A 「売上が減少しても、利益を確保できる体質を作りたい」

B 「10%以上の経常利益を生み出せる会社にするには」

C 「着実に、新規得意先や新規顧客の獲得を行っていくには」

D 「現得意先や現顧客からの売上増を実現したい」

E 「営業担当者に頼らずに、顧客の獲得ができないか」

 

売上は、得意先や顧客、市場などの影響を受けて、変動するものです。

決して固定しているものではありません。

しかし、経費を変動させるのはなかなか難しく、さらに、利益を確実に確保するのは難しいものです。
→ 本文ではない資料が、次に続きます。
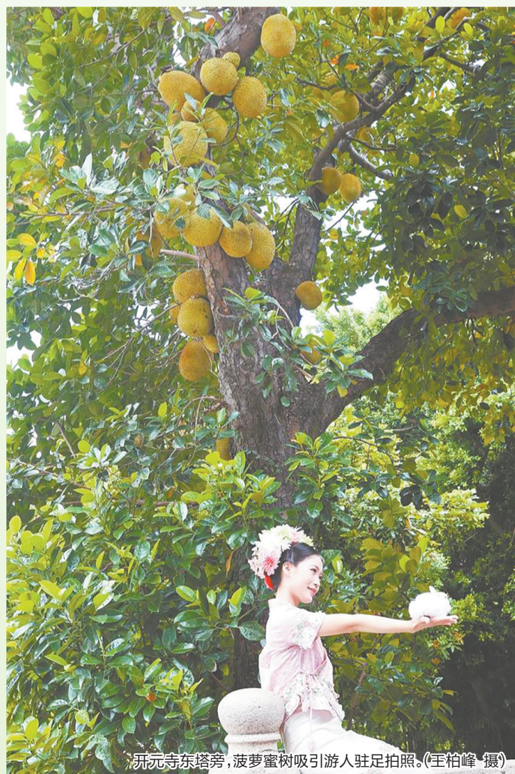
开元寺东塔旁,菠萝蜜树吸引游人驻足拍照。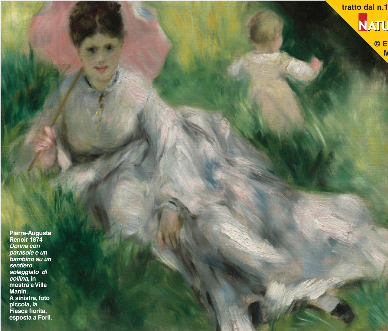
Pierre-Auguste Renoir 1874 Donna con parasole e un bambino su un sentiero soleggiato di collina , in mostra a Villa Manin. A sinistra, foto piccola, la Fiasca fiorita, esposta a Forlì.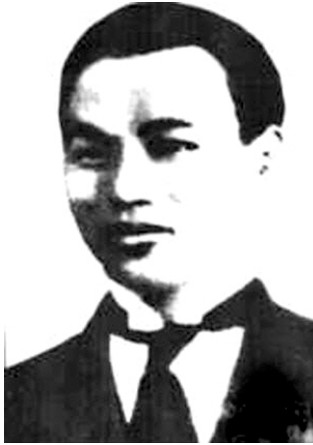
陈乔年牺牲时年仅 26 岁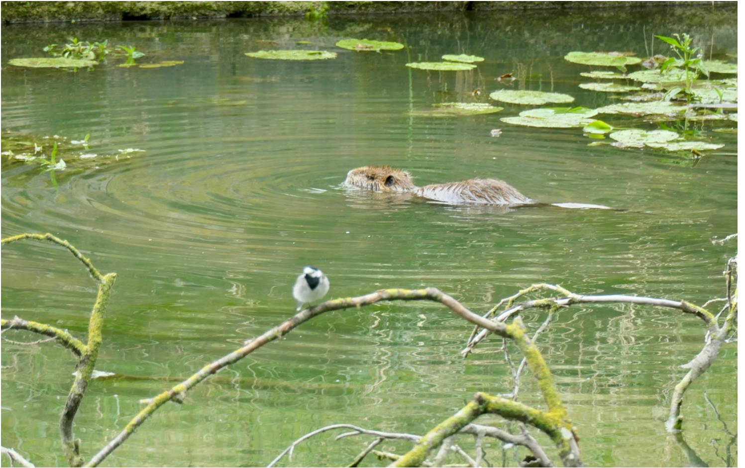
Ragondin et bergeronnette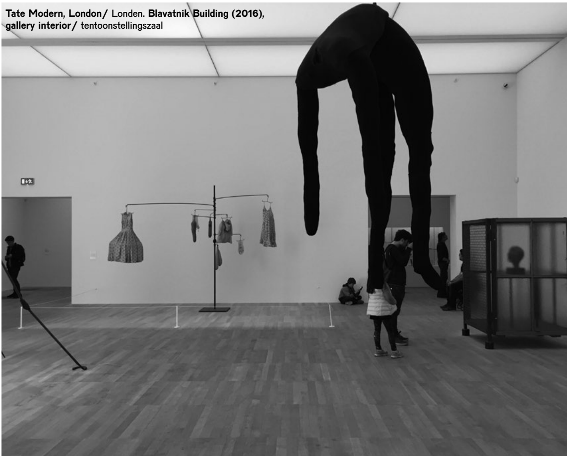
Tate Modern, London/ Londen. Blavatnik Building (2016), gallery interior/ tentoonstellingszaal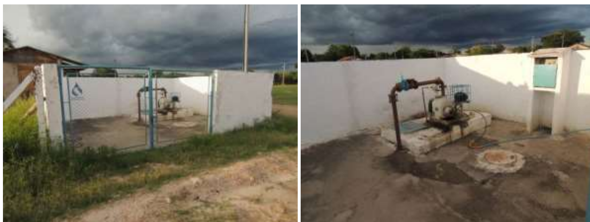
Figura 11: Vista geral da EEEB 006, Porto Murtinho, MS.

A EEEB 006 de acordo com o Sistema Interativo de Suporte ao Licenciamento Ambiental (SISLA) de MS, não se sobrepõe a nenhuma Unidade de Conservação ou Zonas de Amortecimento, nem a Terras Indígenas, Áreas de Perambulação, Quilombolas e Assentamentos Rurais.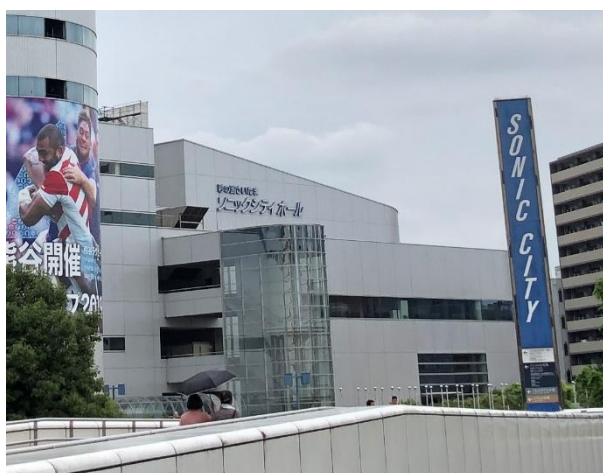
写真-1 研究発表会及び特別講演会会場となった大宮ソニックシティホール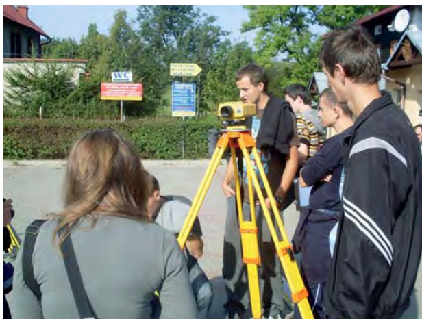
Rys. 2. Rozpoczęcie pomiarów w podnóża masywu Szczelińca Wielkiego. Pomiar niwelatorem DL-102C

Pomierzone różnice wysokości poprawiono o poprawki termiczne. Poprawione przewyższenia przedstawiono w tabeli 2.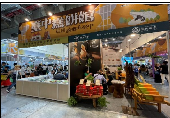
2025 臺北國際食品展設置臺中糕餅館，邀請業者共同參展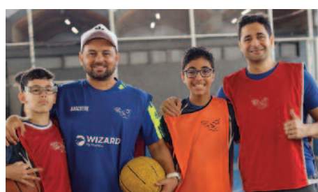
Filhos e pais participaram do 2º Festival de Basquete

では、売上の変動に振り回されずに利益を確保するにはどうすればいいか?

これには、JALの取り組みがとても参考になります。

JALの取り組みは、我々中小企業にはあまり役に立たないと思うかも分かりませんが、全く逆です。

JALは、世界の航空会社の中でも売上規模はANAよりも格下です。

    営業収入

  • ANA 1兆6,010億
  • JAL 1兆3,090億

 

しかし、利益はANAを遙かに上回り、ANAの9倍を超える利益を生み出しています。

    税引後純利益

  • ANA  180億
  • JAL 1660億

(上記いずれも、出典:一般財団法人 日本航空機開発協会)

なぜJALは、売上はANAより少ないのに、9倍を超える利益を生み出せるのでしょうか?

普通に考えると、売上の多い方が利益も多いはずです。

仮に、売上の少ない会社の利益が多いとしても、同業他社と比べて「10倍以上!」という驚く利益を生み出すには何かあるはずです。

何かに取り組んでいるはずです。

実は、このJALの取り組みが中小企業でもできることなのです。

実際に、JALが取り組んでいることを、自社に当てはめて取り組んでいる会社の利益率を見てみると、取り組み前と後とを比べると、利益率が10%以上も上がっているのです。

たまたまなのでしょうか?

いいえ、私のクライアントの中には、このような会社がたくさんあります。

ということは、たまたま生まれた成果ではなく、「何かに」取り組んだ結果、生まれた成果だということができます。

「何か」?って何だと思いますか?

「経費をコントロールする手法」です。

「なんだ、経費を削減することか...。」

 

全然、違います。

経費の削減ではありません。

経費をコントールするという言葉を聞くと、簡単そうに思うかも分かりません。

何となく分かった気になるかもわかりません。

でも、注意して下さい。

あのJALは再建という瀬戸際から必死で取り組み始めた結果、驚くべき利益を生み出しているわけですが、ANAは取り組んでいないのか、あるいは取り組むことが大変で取り組めないのか分かりませんが、いずれにしても経費コントロールということには取り組めていないのです。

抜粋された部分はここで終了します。